§ **Problem**
Every line of the material needs an exact copy, apart from the images.

§ **Information shown**
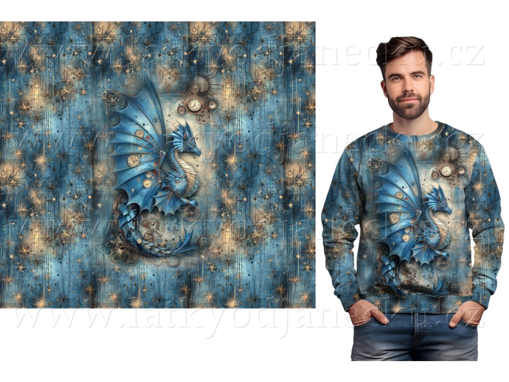 Teplákovina 240g - PANEL na přední díl XL 80 cm - Steampunk Drak
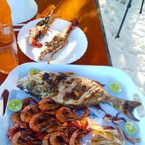Later, as I followed Safi, a deep voiced Rastaman who camouflages his kind heart with a straight face, from Visiwa down the beach to his little seafood restaurant on my last day, we commiserated on the state of the local economy due to the COVID lockdown, as at the time the president was contemplating another locking of county borders. But the feast of grilled lobster, kalamari, prawns and fish that was spread before me as I arrived drove all thoughts of doom and gloom from my head and for one perfectly gluttonous moment, the aura was pink and the palms fronts decorating the restaurant shade on the edge of the clear water shimmied their appreciation on my behalf. The video below will prove that I am not exaggerating. If I was so inclined, I would think Visiwa Beach resort and also neighboring Safi’s Ocean Breeze restaurant, would be perfect for a simple beach wedding…
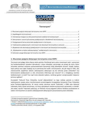 Terroryzm1 1. Kluczowe pojęcia dotyczące terroryzmu oraz EKPC ...........................................................................1 2. Zapobieganie terroryzmowi................................................................................................................2 3. Interwencje mające na celu powstrzymanie ataków terrorystycznych ..............................................4 4. Zatrzymanie i areszt tymczasowy podejrzanych o działalność terrorystyczną ...................................4 5. Postępowanie karne przeciwko podejrzanym o terroryzm ................................................................5 6. Traktowanie podejrzanych o terroryzm lub skazanych terrorystów w areszcie.................................6 7. Wydalenie lub ekstradycja podejrzanych o terroryzm lub skazanych terrorystów ............................7 8. „Wydawanie w trybie nadzwyczajnym” podejrzanych o terroryzm...................................................7 9. Końcowe uwagi dotyczące terroryzmu oraz EKPC..............................................................................8 1. Kluczowe pojęcia dotyczące terroryzmu oraz EKPC Terroryzm jest plagą, która dręczy wiele państw. Pochłonął życie wielu niewinnych ludzi i sprzeciwia się fundamentalnym zasadom demokracji i praw człowieka, poczynając od prawa do życia, które wszystkie państwa związane postanowieniami Konwencji mają obowiązek chronić2. Rządy, policja, tajna policja oraz sądy znajdują się na pierwszej linii walki z terroryzmem, ale jak mają to robić, aby równocześnie wypełniać własne zobowiązania odnoszące się do ochrony praw człowieka? Czy torturowanie podejrzanych w celu otrzymania informacji jest słuszne? Co z inwigilacją rozmów telefonicznych i e-maili? Czy rząd może odwołać wybory, zamknąć gazety i przeprowadzić niejawne procesy sądowe? Europejski Trybunał Praw Człowieka musiał odpowiedzieć na tego rodzaju pytania w trakcie wykonywania swojej pracy monitorowania przestrzegania Europejskiej Konwencji Praw Człowieka przez Państwa-Sygnatariuszy. W rzeczy samej, pierwszy wyrok Trybunału3 z 1960 roku dotyczył człowieka, który został zatrzymany, na mocy specjalnych antyterrorystycznych uprawnień, w Irlandii. Jak widać, wyroki Trybunału pokazują, że Państwa muszą pogodzić własne działania prowadzone w walce z terroryzmem ze swoimi zobowiązaniami dotyczącymi poszanowania praw człowieka. © Rada Europy/Europejski Trybunał Praw Człowieka, 2016 Zastrzeżenia: Zawartość tego filmu nie jest wiążąca dla Trybunału. 2 Artykuł 1 dokumentuWskazówki w sprawie praw człowieka i walki z terroryzmem Komitetu Ministrów Rady Europy przyjętego przez Komitet Ministrów 11 lipca 2002 3 Lawless przeciwko Irlandii, 332/57, 14 listopada 1960 1 Pozwolę sobie zauważyć, że Konwencja daje państwom pewną swobodę działania w przypadku sytuacji, które zostaną uznane za stan niebezpieczeństwa publicznego. Zawarte jest to w Art. 15, który pozwala państwom na uchylenie stosowania niektórych zobowiązań. Uchylenie może nastąpić „w przypadku wojny lub innego niebezpieczeństwa publicznego zagrażającego życiu narodu”. Jakiekolwiek podjęte środki muszą mieścić się w ramach ściśle określonych sytuacji i muszą być w zgodzie z innymi zobowiązaniami państwa wynikającymi z prawa międzynarodowego. Jednakże, odpowiadając również na jedno z postawionych wcześniej pytań, są pewne prawa, które nie mogą zostać uchylone, włączając w to prawo do niebycia poddawanym torturom lub innym formom brutalnego traktowania, zagwarantowane w Art. 3. Jest to jedno z praw uważane przez Konwencję za absolutne i jakiekolwiek uchylenie tego prawa nie jest możliwe w żadnej sytuacji4. Państwa na określonych podstawach mogą ograniczyć większość praw, zawartych w Konwencji, które nie są uważane za prawa absolutne, nawet przed powołaniem się na Art. 15. Obejmuje to sytuacje zagrożenia bezpieczeństwa, jak na przykład bezpośrednie zagrożenie atakiem terrorystycznym, lecz nie tylko. Państwa posiadają, jak zostało to określone przez Trybunał, margines oceny; innymi słowy, zakres swobody w celu zrównoważania praw jednostki wobec interesów bezpieczeństwa narodowego5. Podczas prezentacji zostanie przedstawione, że walka z terroryzmem nie daje Państwom carte blanche na ingerencję w prawa podmiotów znajdujących się w ich jurysdykcji. Rządy zawsze będą musiały wykazać, że środki, które zostały podjęte w celu zwalczania terroryzmu były uzasadnione na podstawie jednej lub kilku podstaw określonych w tekście Konwencji, lub w interpretacji Trybunału zawartej w wyrokach. Spójrzmy teraz na niektóre kluczowe przypadki związane z kwestią terroryzmu. 2. Zapobieganie terroryzmowi W celu zapobiegania terroryzmowi Państwa mogą podjąć środki, które przykładowo, naruszają prawo do poszanowania życia prywatnego, wolności wyrażania opinii lub zrzeszania się oraz prawo do wolnych wyborów. W Art. 8 Konwencji stwierdza się, że każdy ma prawo do poszanowania swojego życia prywatnego i rodzinnego. Jednakże, walka z terroryzmem dopuszcza używanie specjalnych metod inwigilacji w celu zbierania informacji pomocnych w zapobieganiu aktom terrorystycznym oraz podczas aresztowania i sądowego ścigania podejrzanych o terroryzm. Już w latach 70-tych Trybunał przyznał, że legislacja pozwalająca na tajny monitoring poczty, e-maili i telekomunikacji, w społeczeństwie demokratycznym, była w wyjątkowych okolicznościach konieczna, w interesie bezpieczeństwa narodowego i/lub w celu zapobiegania rozruchom lub przestępstwu6. Niedawno Trybunał uznał, że inwigilacja podejrzanych o terroryzm przy użyciu systemu GPS nie naruszała ich prawa do prywatności zagwarantowanego w myśl Art. 87. W tym 4 Alan przeciwko Turcji [GC], 46221/99, § 179, EKPC 2005-IV oraz A. i inni przeciwko Zjednoczonemu Królestwu [GC], 3455

§ **Output below**
 Teplákovina 240g - PANEL na přední díl XL 80 cm - Steampunk Drak
Later, as I followed Safi, a deep voiced Rastaman who camouflages his kind heart with a straight face, from Visiwa down the beach to his little seafood restaurant on my last day, we commiserated on the state of the local economy due to the COVID lockdown, as at the time the president was contemplating another locking of county borders. But the feast of grilled lobster, kalamari, prawns and fish that was spread before me as I arrived drove all thoughts of doom and gloom from my head and for one perfectly gluttonous moment, the aura was pink and the palms fronts decorating the restaurant shade on the edge of the clear water shimmied their appreciation on my behalf. The video below will prove that I am not exaggerating. If I was so inclined, I would think Visiwa Beach resort and also neighboring Safi’s Ocean Breeze restaurant, would be perfect for a simple beach wedding…
 Terroryzm1 1. Kluczowe pojęcia dotyczące terroryzmu oraz EKPC ...........................................................................1 2. Zapobieganie terroryzmowi................................................................................................................2 3. Interwencje mające na celu powstrzymanie ataków terrorystycznych ..............................................4 4. Zatrzymanie i areszt tymczasowy podejrzanych o działalność terrorystyczną ...................................4 5. Postępowanie karne przeciwko podejrzanym o terroryzm ................................................................5 6. Traktowanie podejrzanych o terroryzm lub skazanych terrorystów w areszcie.................................6 7. Wydalenie lub ekstradycja podejrzanych o terroryzm lub skazanych terrorystów ............................7 8. „Wydawanie w trybie nadzwyczajnym” podejrzanych o terroryzm...................................................7 9. Końcowe uwagi dotyczące terroryzmu oraz EKPC..............................................................................8 1. Kluczowe pojęcia dotyczące terroryzmu oraz EKPC Terroryzm jest plagą, która dręczy wiele państw. Pochłonął życie wielu niewinnych ludzi i sprzeciwia się fundamentalnym zasadom demokracji i praw człowieka, poczynając od prawa do życia, które wszystkie państwa związane postanowieniami Konwencji mają obowiązek chronić2. Rządy, policja, tajna policja oraz sądy znajdują się na pierwszej linii walki z terroryzmem, ale jak mają to robić, aby równocześnie wypełniać własne zobowiązania odnoszące się do ochrony praw człowieka? Czy torturowanie podejrzanych w celu otrzymania informacji jest słuszne? Co z inwigilacją rozmów telefonicznych i e-maili? Czy rząd może odwołać wybory, zamknąć gazety i przeprowadzić niejawne procesy sądowe? Europejski Trybunał Praw Człowieka musiał odpowiedzieć na tego rodzaju pytania w trakcie wykonywania swojej pracy monitorowania przestrzegania Europejskiej Konwencji Praw Człowieka przez Państwa-Sygnatariuszy. W rzeczy samej, pierwszy wyrok Trybunału3 z 1960 roku dotyczył człowieka, który został zatrzymany, na mocy specjalnych antyterrorystycznych uprawnień, w Irlandii. Jak widać, wyroki Trybunału pokazują, że Państwa muszą pogodzić własne działania prowadzone w walce z terroryzmem ze swoimi zobowiązaniami dotyczącymi poszanowania praw człowieka. © Rada Europy/Europejski Trybunał Praw Człowieka, 2016 Zastrzeżenia: Zawartość tego filmu nie jest wiążąca dla Trybunału. 2 Artykuł 1 dokumentuWskazówki w sprawie praw człowieka i walki z terroryzmem Komitetu Ministrów Rady Europy przyjętego przez Komitet Ministrów 11 lipca 2002 3 Lawless przeciwko Irlandii, 332/57, 14 listopada 1960 1 Pozwolę sobie zauważyć, że Konwencja daje państwom pewną swobodę działania w przypadku sytuacji, które zostaną uznane za stan niebezpieczeństwa publicznego. Zawarte jest to w Art. 15, który pozwala państwom na uchylenie stosowania niektórych zobowiązań. Uchylenie może nastąpić „w przypadku wojny lub innego niebezpieczeństwa publicznego zagrażającego życiu narodu”. Jakiekolwiek podjęte środki muszą mieścić się w ramach ściśle określonych sytuacji i muszą być w zgodzie z innymi zobowiązaniami państwa wynikającymi z prawa międzynarodowego. Jednakże, odpowiadając również na jedno z postawionych wcześniej pytań, są pewne prawa, które nie mogą zostać uchylone, włączając w to prawo do niebycia poddawanym torturom lub innym formom brutalnego traktowania, zagwarantowane w Art. 3. Jest to jedno z praw uważane przez Konwencję za absolutne i jakiekolwiek uchylenie tego prawa nie jest możliwe w żadnej sytuacji4. Państwa na określonych podstawach mogą ograniczyć większość praw, zawartych w Konwencji, które nie są uważane za prawa absolutne, nawet przed powołaniem się na Art. 15. Obejmuje to sytuacje zagrożenia bezpieczeństwa, jak na przykład bezpośrednie zagrożenie atakiem terrorystycznym, lecz nie tylko. Państwa posiadają, jak zostało to określone przez Trybunał, margines oceny; innymi słowy, zakres swobody w celu zrównoważania praw jednostki wobec interesów bezpieczeństwa narodowego5. Podczas prezentacji zostanie przedstawione, że walka z terroryzmem nie daje Państwom carte blanche na ingerencję w prawa podmiotów znajdujących się w ich jurysdykcji. Rządy zawsze będą musiały wykazać, że środki, które zostały podjęte w celu zwalczania terroryzmu były uzasadnione na podstawie jednej lub kilku podstaw określonych w tekście Konwencji, lub w interpretacji Trybunału zawartej w wyrokach. Spójrzmy teraz na niektóre kluczowe przypadki związane z kwestią terroryzmu. 2. Zapobieganie terroryzmowi W celu zapobiegania terroryzmowi Państwa mogą podjąć środki, które przykładowo, naruszają prawo do poszanowania życia prywatnego, wolności wyrażania opinii lub zrzeszania się oraz prawo do wolnych wyborów. W Art. 8 Konwencji stwierdza się, że każdy ma prawo do poszanowania swojego życia prywatnego i rodzinnego. Jednakże, walka z terroryzmem dopuszcza używanie specjalnych metod inwigilacji w celu zbierania informacji pomocnych w zapobieganiu aktom terrorystycznym oraz podczas aresztowania i sądowego ścigania podejrzanych o terroryzm. Już w latach 70-tych Trybunał przyznał, że legislacja pozwalająca na tajny monitoring poczty, e-maili i telekomunikacji, w społeczeństwie demokratycznym, była w wyjątkowych okolicznościach konieczna, w interesie bezpieczeństwa narodowego i/lub w celu zapobiegania rozruchom lub przestępstwu6. Niedawno Trybunał uznał, że inwigilacja podejrzanych o terroryzm przy użyciu systemu GPS nie naruszała ich prawa do prywatności zagwarantowanego w myśl Art. 87. W tym 4 Alan przeciwko Turcji [GC], 46221/99, § 179, EKPC 2005-IV oraz A. i inni przeciwko Zjednoczonemu Królestwu [GC], 3455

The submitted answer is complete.